Because someone with no idea about the process gives some random good sounding number for the # of electrical tests needed, resolution required, etc. Then someone is told to implement this, but its not possible to actually implement like that, but its done anyway, because it is the job. Then they start cranking data by any means necessary.
Data gathering roles in corporate, they often have the side effect of being related to hard quotas. And this is a place where management thinks that the process is simple enough to automate and give to total drones. And the assumption that every case takes a similar amount of time to analyze is very often completely false, some tests end up having alot of complications that are swept up under the rug. AKA the outlier count is way higher then expected. Then it gets 'simplified' on the spot so the quota is capable of being met. This is the domain of non technical managers. No one wants to hear that some sample is taking a extremely longer amount to analyze, because the operation is typically deemed to be a 'easy job' that should 'run smooth'.
In essence, it might have a similar result to KGB sabotage.

This often makes me dubious of 'advanced conclusions' that are achieved through 'data science', which are used for certain equations. It kind of like those people that think they can get 32 bits from a 10 bit MCU ADC by doing enough data processing. Sometimes I think it should be called 'bored with matlab'
And the review process is done by people that don't know the mechanisms of the underlying process well, but they are taught to trust statistical math. I heard that before from a analyst, the "I don't need to know how it works..." Sure they catch some things, but the conclusions that they sometimes reach are totally asinine. And the people in charge of them think that they can some how figure out if the data their getting is bad. No, they can't, they don't know why, or what it is, or how it was obtained on any thing more then a superficial level. They are not telepathic. GIGO
So to me its totally expected that there are garbage equations that got put together from bad data from dodgy labs.

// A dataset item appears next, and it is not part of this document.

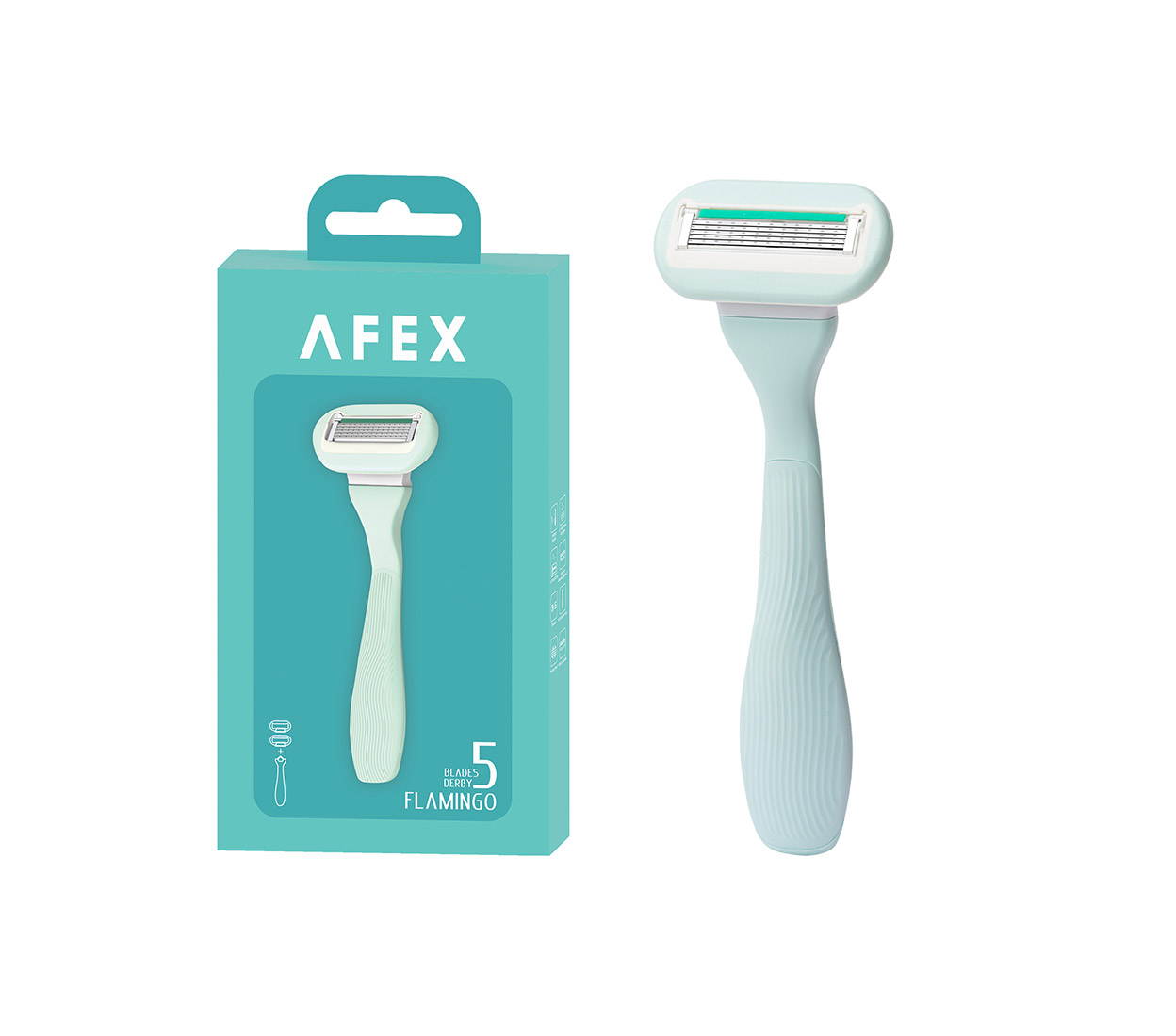 افکس فلامینگو سبز دارای: تیغه ی 5 لبه استیل ضد زنگ، نوار روان کننده حاوی ویتامین E و آلوورا ، سری متحرک قابل تعویض، سری متحرک قابل تعویض، قاب مسافرتی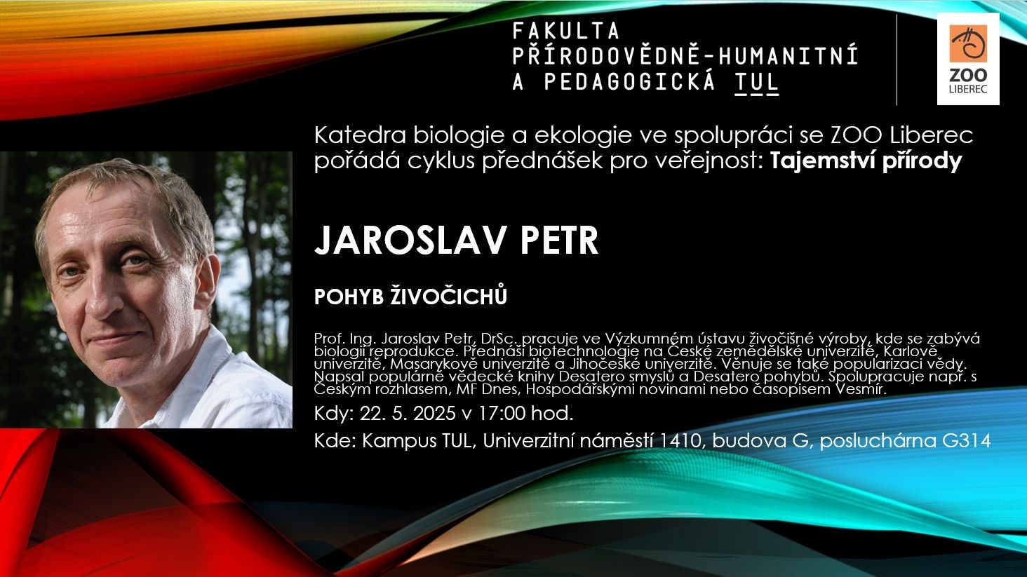 A ve spolupráci se ZOO Liberec se uskuteční poslední přednášku z cyklu Tajemství přírody v tomto akademickém roce, na kterou KBE srdečně zve všechny zájemce. Přednáška Prof. Ing. Jaroslava Petra z Výzkumného ústavu živočišné výroby na téma Pohyb živočichů a vše, co s tím souvisí se uskuteční v 17 hodin (budova G, posluchárna G314).

And naturally you know there are statistical tests to determine if you are trying to read tea leaves. However, it tends to get 'normalized' aka 'new normal' for those coefficients to be within some small range because of whatever special circumstance they cite. It can take a REALLY long time to discover these kinds of issues.
And then sometimes the cases that are used to 'prove' things later are exceedingly simplified. And external people making assumptions that there is good and bad companies for trust, but failing to take into account that there are good and bad labs inside the same organization.